> [TO DO]: Give back the records below exactly, omitting the pictures.

::: THE DATA :::

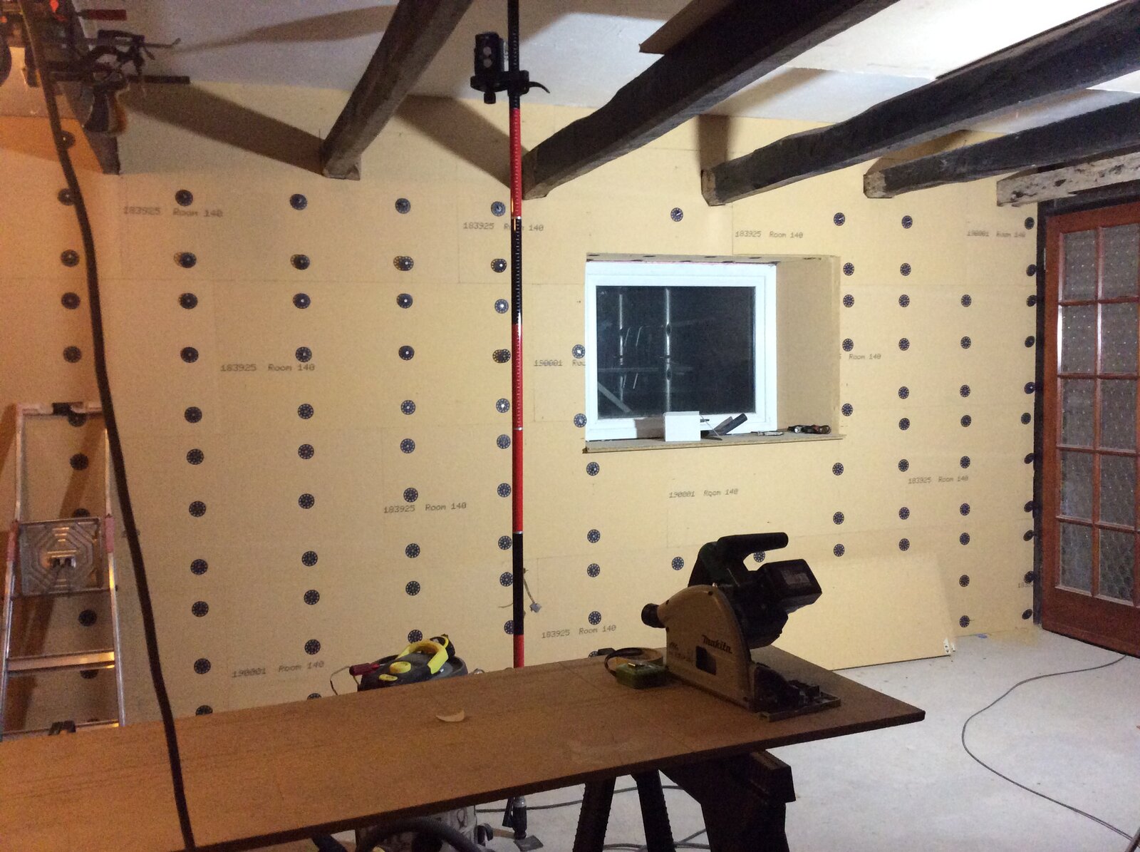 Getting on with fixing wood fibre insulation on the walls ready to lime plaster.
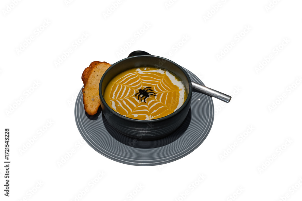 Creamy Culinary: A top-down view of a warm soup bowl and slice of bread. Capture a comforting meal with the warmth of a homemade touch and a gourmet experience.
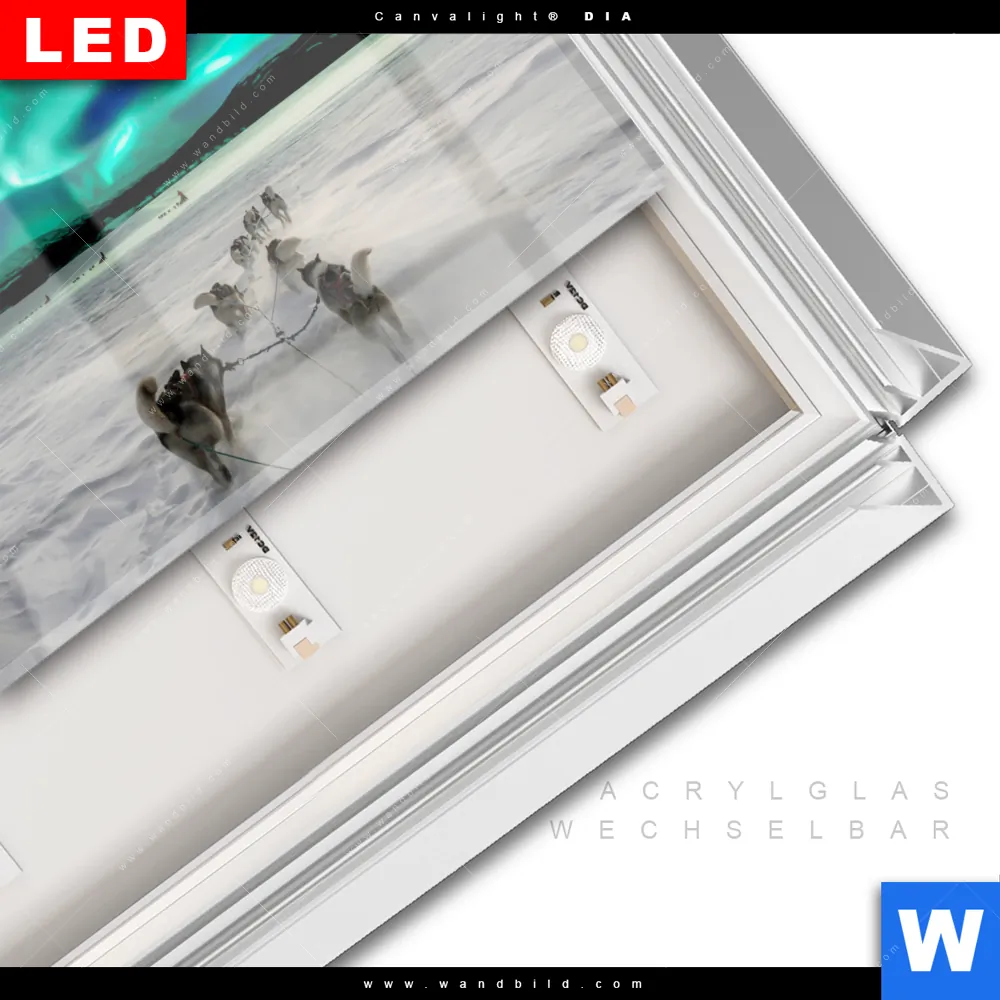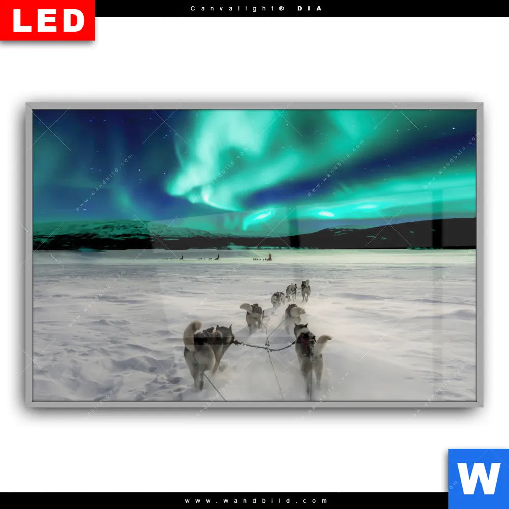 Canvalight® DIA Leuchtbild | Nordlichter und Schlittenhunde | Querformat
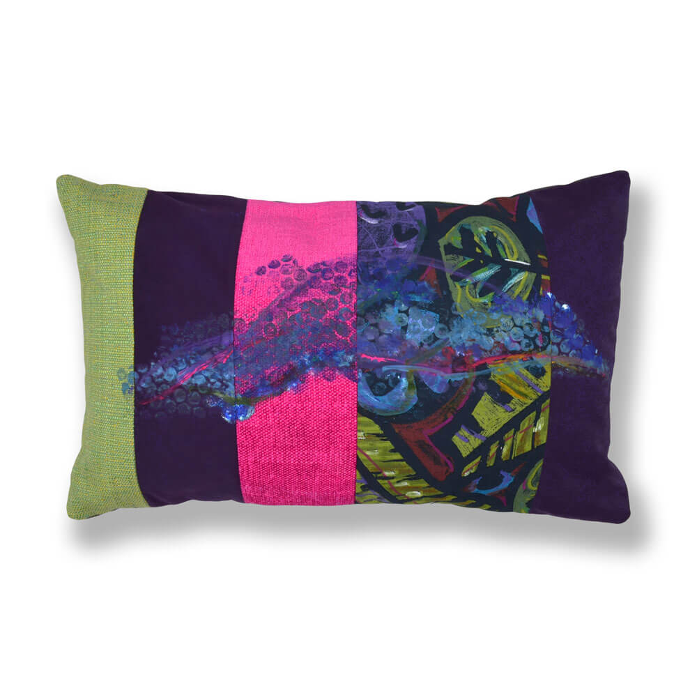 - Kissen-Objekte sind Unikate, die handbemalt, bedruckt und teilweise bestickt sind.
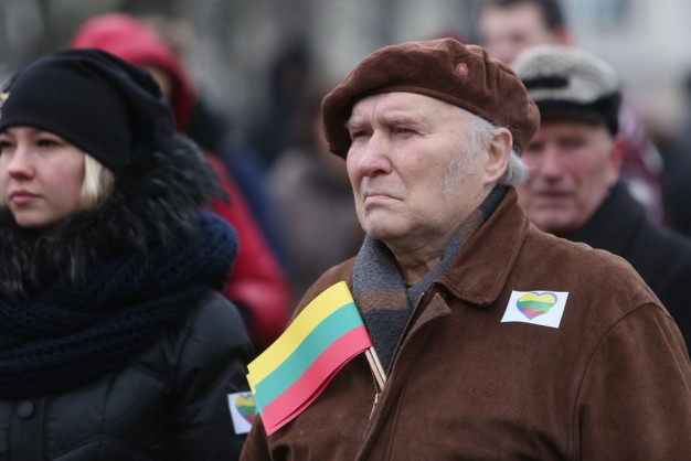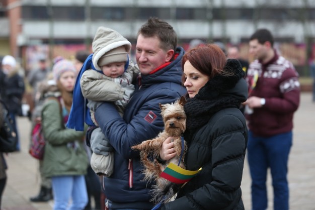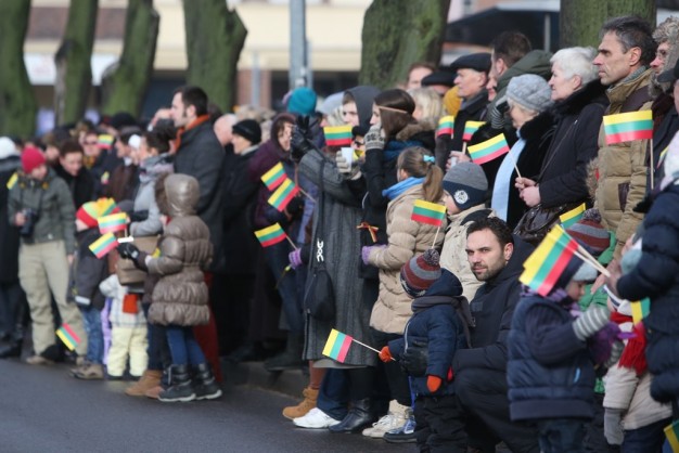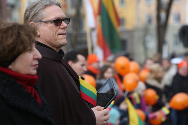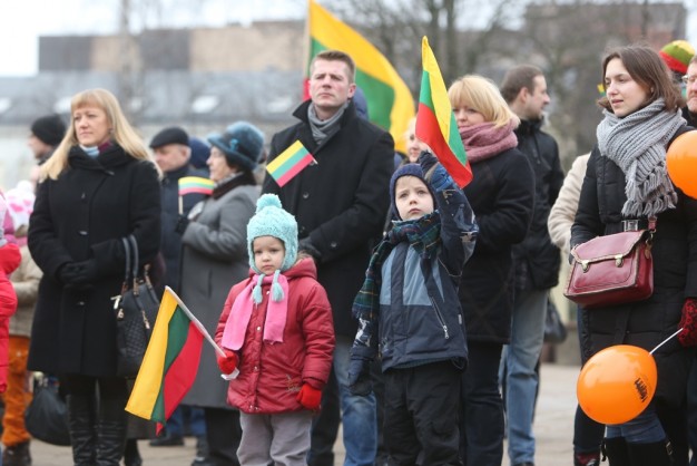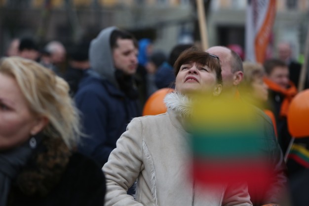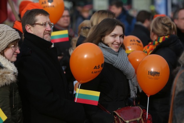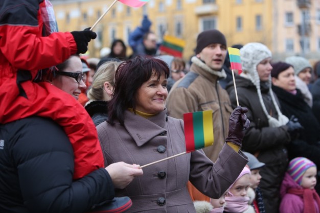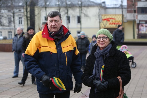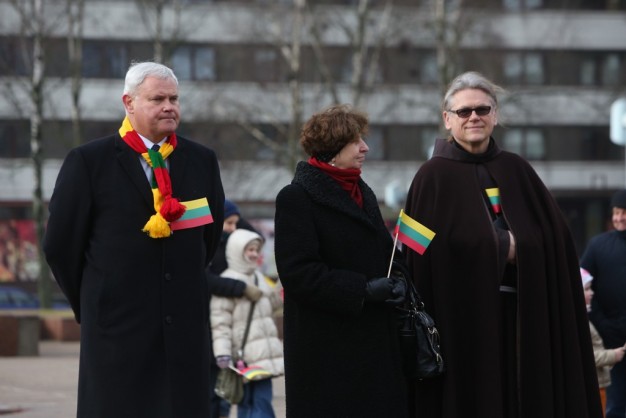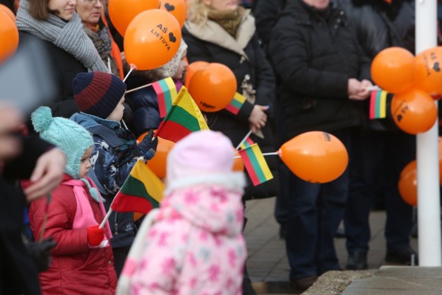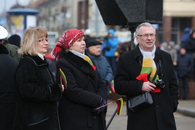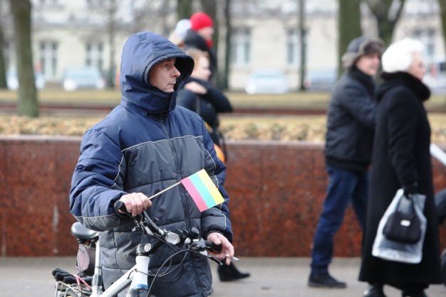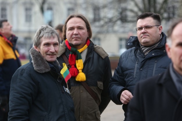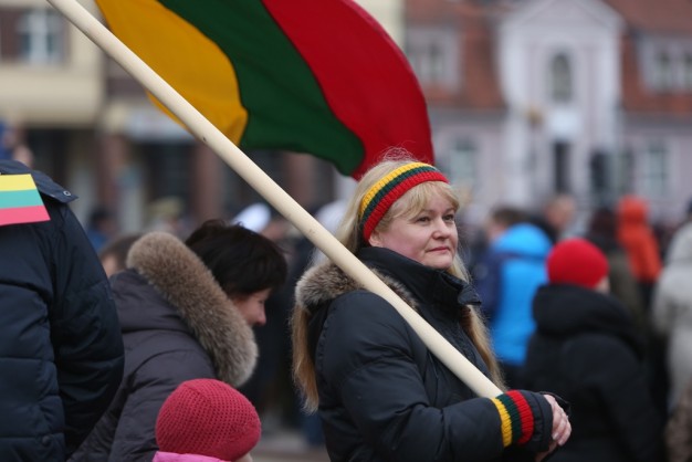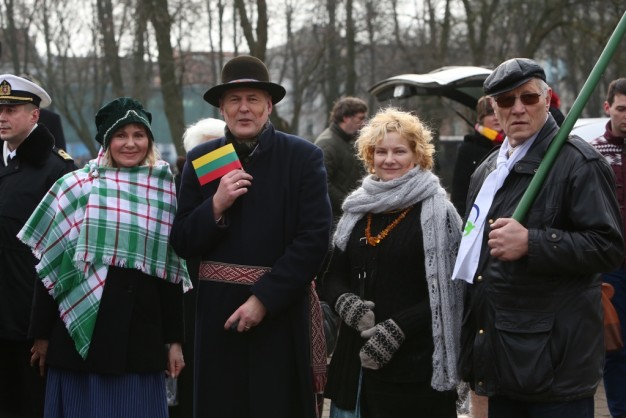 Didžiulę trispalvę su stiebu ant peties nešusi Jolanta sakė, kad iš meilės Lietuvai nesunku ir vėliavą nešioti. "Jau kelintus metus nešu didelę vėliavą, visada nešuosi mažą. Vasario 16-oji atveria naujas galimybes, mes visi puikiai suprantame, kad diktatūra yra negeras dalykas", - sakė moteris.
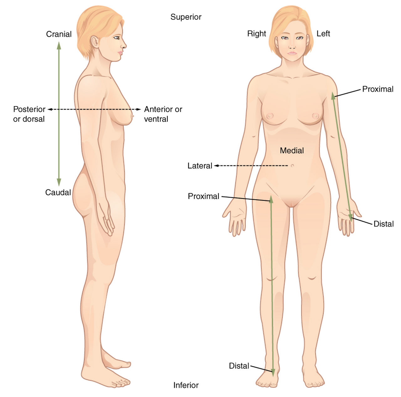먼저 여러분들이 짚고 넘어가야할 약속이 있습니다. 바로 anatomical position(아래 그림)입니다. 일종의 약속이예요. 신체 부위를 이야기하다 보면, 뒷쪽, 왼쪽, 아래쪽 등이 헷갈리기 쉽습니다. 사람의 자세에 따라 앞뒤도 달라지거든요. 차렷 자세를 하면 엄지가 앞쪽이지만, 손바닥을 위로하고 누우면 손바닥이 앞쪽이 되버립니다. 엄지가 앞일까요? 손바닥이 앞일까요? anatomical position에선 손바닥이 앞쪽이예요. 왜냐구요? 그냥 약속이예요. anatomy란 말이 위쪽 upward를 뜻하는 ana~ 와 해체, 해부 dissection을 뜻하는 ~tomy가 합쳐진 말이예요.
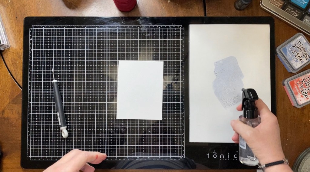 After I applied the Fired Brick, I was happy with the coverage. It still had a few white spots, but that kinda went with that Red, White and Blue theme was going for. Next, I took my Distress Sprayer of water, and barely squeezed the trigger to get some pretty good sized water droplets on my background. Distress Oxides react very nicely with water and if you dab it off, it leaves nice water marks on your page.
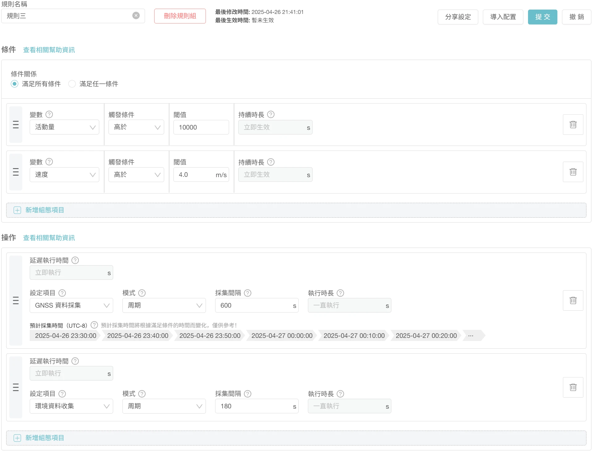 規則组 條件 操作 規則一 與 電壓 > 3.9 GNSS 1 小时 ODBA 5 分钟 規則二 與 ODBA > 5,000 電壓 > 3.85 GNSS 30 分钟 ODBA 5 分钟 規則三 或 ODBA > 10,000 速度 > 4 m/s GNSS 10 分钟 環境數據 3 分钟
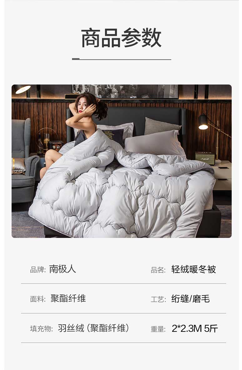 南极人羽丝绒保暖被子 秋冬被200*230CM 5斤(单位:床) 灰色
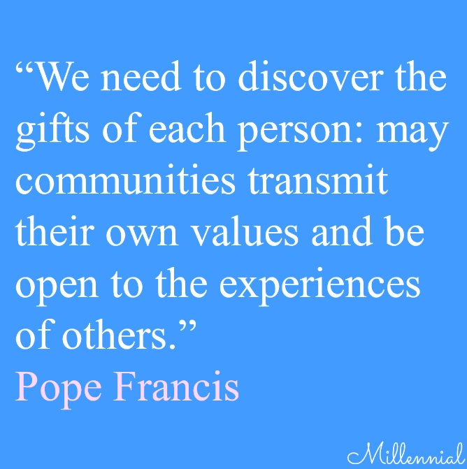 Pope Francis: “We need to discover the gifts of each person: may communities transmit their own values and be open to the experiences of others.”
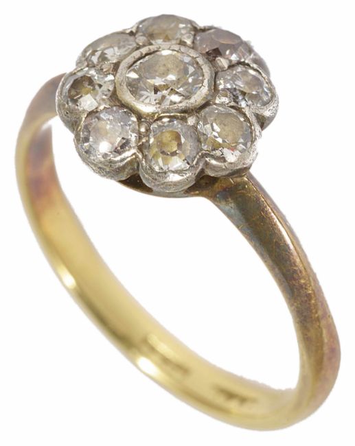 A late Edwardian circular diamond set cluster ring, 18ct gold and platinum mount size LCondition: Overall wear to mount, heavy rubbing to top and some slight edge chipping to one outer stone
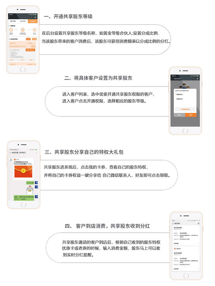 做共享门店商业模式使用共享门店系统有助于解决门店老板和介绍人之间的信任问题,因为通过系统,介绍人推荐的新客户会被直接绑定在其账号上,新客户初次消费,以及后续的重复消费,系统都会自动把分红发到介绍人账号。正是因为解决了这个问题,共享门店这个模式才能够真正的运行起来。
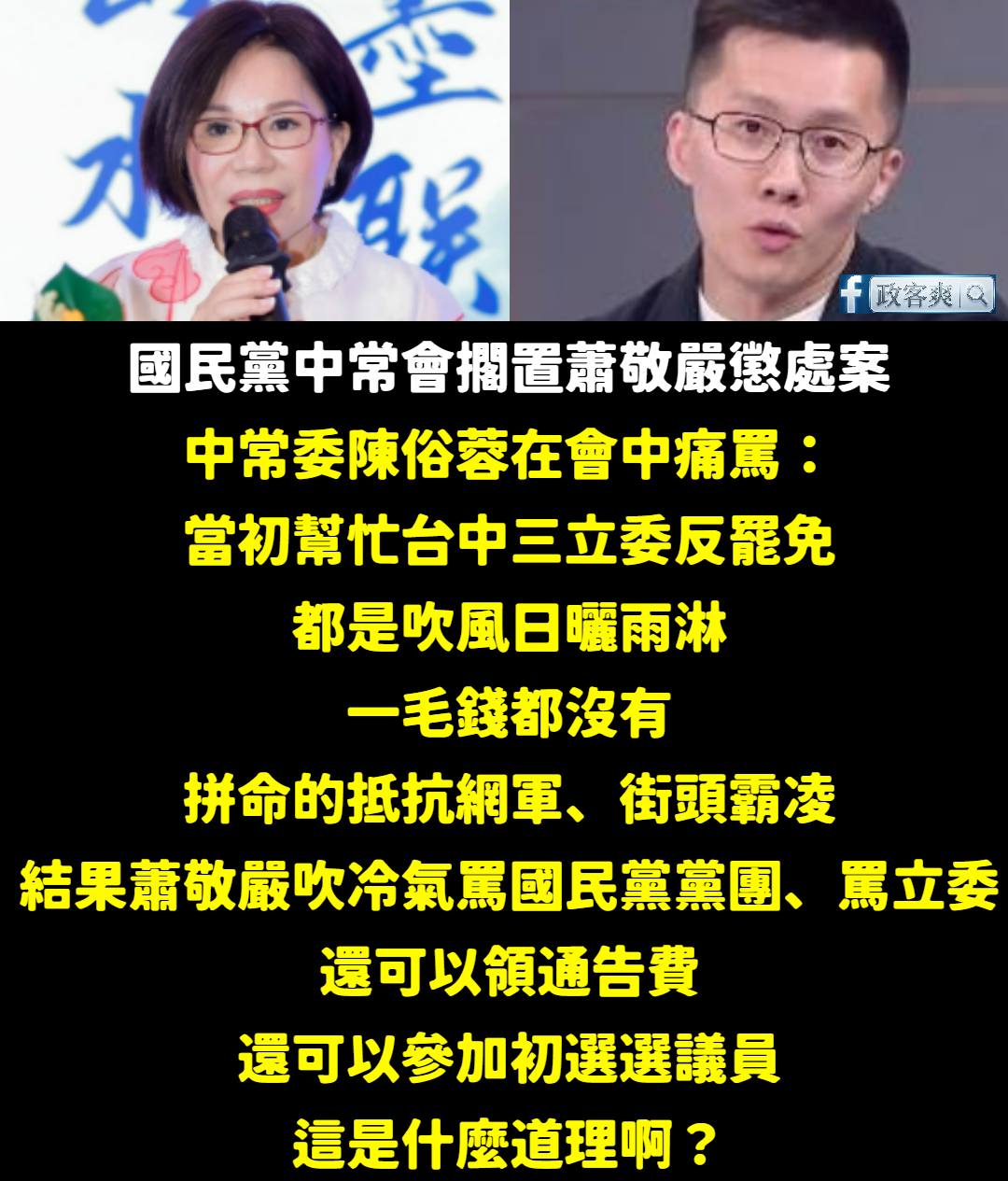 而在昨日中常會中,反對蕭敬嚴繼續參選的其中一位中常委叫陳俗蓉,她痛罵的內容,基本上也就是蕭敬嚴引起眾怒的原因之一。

:::

> [RESPONSE]:
 Getting on with fixing wood fibre insulation on the walls ready to lime plaster.
 Creamy Culinary: A top-down view of a warm soup bowl and slice of bread. Capture a comforting meal with the warmth of a homemade touch and a gourmet experience.
 Canvalight® DIA Leuchtbild | Nordlichter und Schlittenhunde | Querformat
 - Kissen-Objekte sind Unikate, die handbemalt, bedruckt und teilweise bestickt sind.
 Didžiulę trispalvę su stiebu ant peties nešusi Jolanta sakė, kad iš meilės Lietuvai nesunku ir vėliavą nešioti. "Jau kelintus metus nešu didelę vėliavą, visada nešuosi mažą. Vasario 16-oji atveria naujas galimybes, mes visi puikiai suprantame, kad diktatūra yra negeras dalykas", - sakė moteris.
먼저 여러분들이 짚고 넘어가야할 약속이 있습니다. 바로 anatomical position(아래 그림)입니다. 일종의 약속이예요. 신체 부위를 이야기하다 보면, 뒷쪽, 왼쪽, 아래쪽 등이 헷갈리기 쉽습니다. 사람의 자세에 따라 앞뒤도 달라지거든요. 차렷 자세를 하면 엄지가 앞쪽이지만, 손바닥을 위로하고 누우면 손바닥이 앞쪽이 되버립니다. 엄지가 앞일까요? 손바닥이 앞일까요? anatomical position에선 손바닥이 앞쪽이예요. 왜냐구요? 그냥 약속이예요. anatomy란 말이 위쪽 upward를 뜻하는 ana~ 와 해체, 해부 dissection을 뜻하는 ~tomy가 합쳐진 말이예요.
 After I applied the Fired Brick, I was happy with the coverage. It still had a few white spots, but that kinda went with that Red, White and Blue theme was going for. Next, I took my Distress Sprayer of water, and barely squeezed the trigger to get some pretty good sized water droplets on my background. Distress Oxides react very nicely with water and if you dab it off, it leaves nice water marks on your page.
 規則组 條件 操作 規則一 與 電壓 > 3.9 GNSS 1 小时 ODBA 5 分钟 規則二 與 ODBA > 5,000 電壓 > 3.85 GNSS 30 分钟 ODBA 5 分钟 規則三 或 ODBA > 10,000 速度 > 4 m/s GNSS 10 分钟 環境數據 3 分钟
 南极人羽丝绒保暖被子 秋冬被200*230CM 5斤(单位:床) 灰色
 Pope Francis: “We need to discover the gifts of each person: may communities transmit their own values and be open to the experiences of others.”
 A late Edwardian circular diamond set cluster ring, 18ct gold and platinum mount size LCondition: Overall wear to mount, heavy rubbing to top and some slight edge chipping to one outer stone
 做共享门店商业模式使用共享门店系统有助于解决门店老板和介绍人之间的信任问题,因为通过系统,介绍人推荐的新客户会被直接绑定在其账号上,新客户初次消费,以及后续的重复消费,系统都会自动把分红发到介绍人账号。正是因为解决了这个问题,共享门店这个模式才能够真正的运行起来。
 而在昨日中常會中,反對蕭敬嚴繼續參選的其中一位中常委叫陳俗蓉,她痛罵的內容,基本上也就是蕭敬嚴引起眾怒的原因之一。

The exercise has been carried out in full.